| Information supplied |
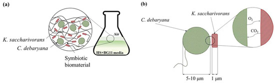 Illustration of (a) symbiotic biofilm formation by K. saccharivorans and C. debaryana in HS:BG-11 culture media and (b) CO2 and O2 transfer between C. debaryana and K. saccharivorans.
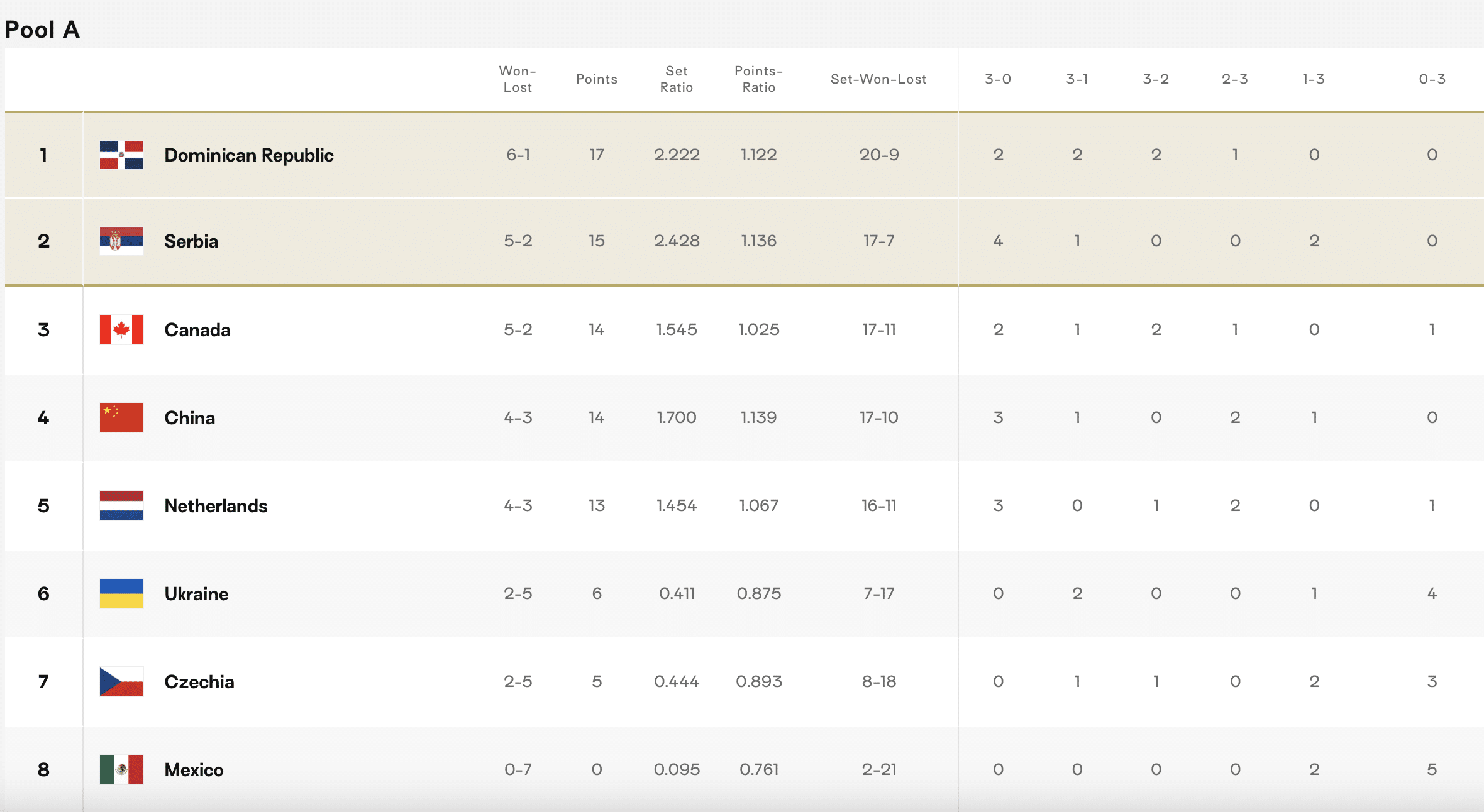 อันดับ 1 : โดมินิกัน แข่ง 7 ชนะ 6 แพ้ 1 มี 17 แต้ม
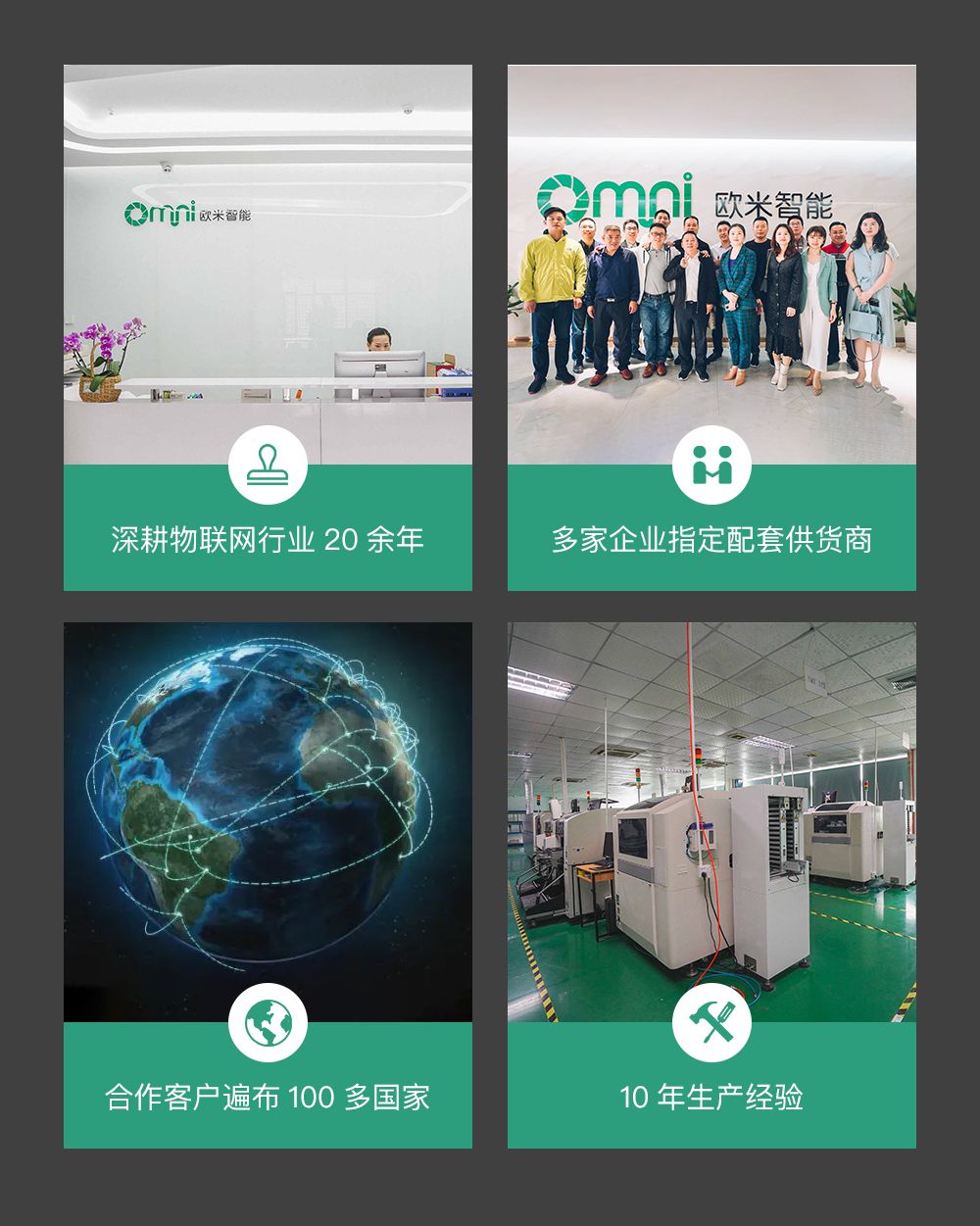 深圳歐米智能科技有限公司位于廣東省深圳市龍崗區(qū)南灣街道布瀾路21號(hào)聯(lián)創(chuàng)科技園3期31棟11樓,是一家專注于物聯(lián)網(wǎng)核心技術(shù)研發(fā)及應(yīng)用的國家級(jí)高新技術(shù)企業(yè)。

| Work instruction |
For this exercise, transcribe the data exactly but without its pictures.

| Solution for this problem |
 Illustration of (a) symbiotic biofilm formation by K. saccharivorans and C. debaryana in HS:BG-11 culture media and (b) CO2 and O2 transfer between C. debaryana and K. saccharivorans.
 อันดับ 1 : โดมินิกัน แข่ง 7 ชนะ 6 แพ้ 1 มี 17 แต้ม
 深圳歐米智能科技有限公司位于廣東省深圳市龍崗區(qū)南灣街道布瀾路21號(hào)聯(lián)創(chuàng)科技園3期31棟11樓,是一家專注于物聯(lián)網(wǎng)核心技術(shù)研發(fā)及應(yīng)用的國家級(jí)高新技術(shù)企業(yè)。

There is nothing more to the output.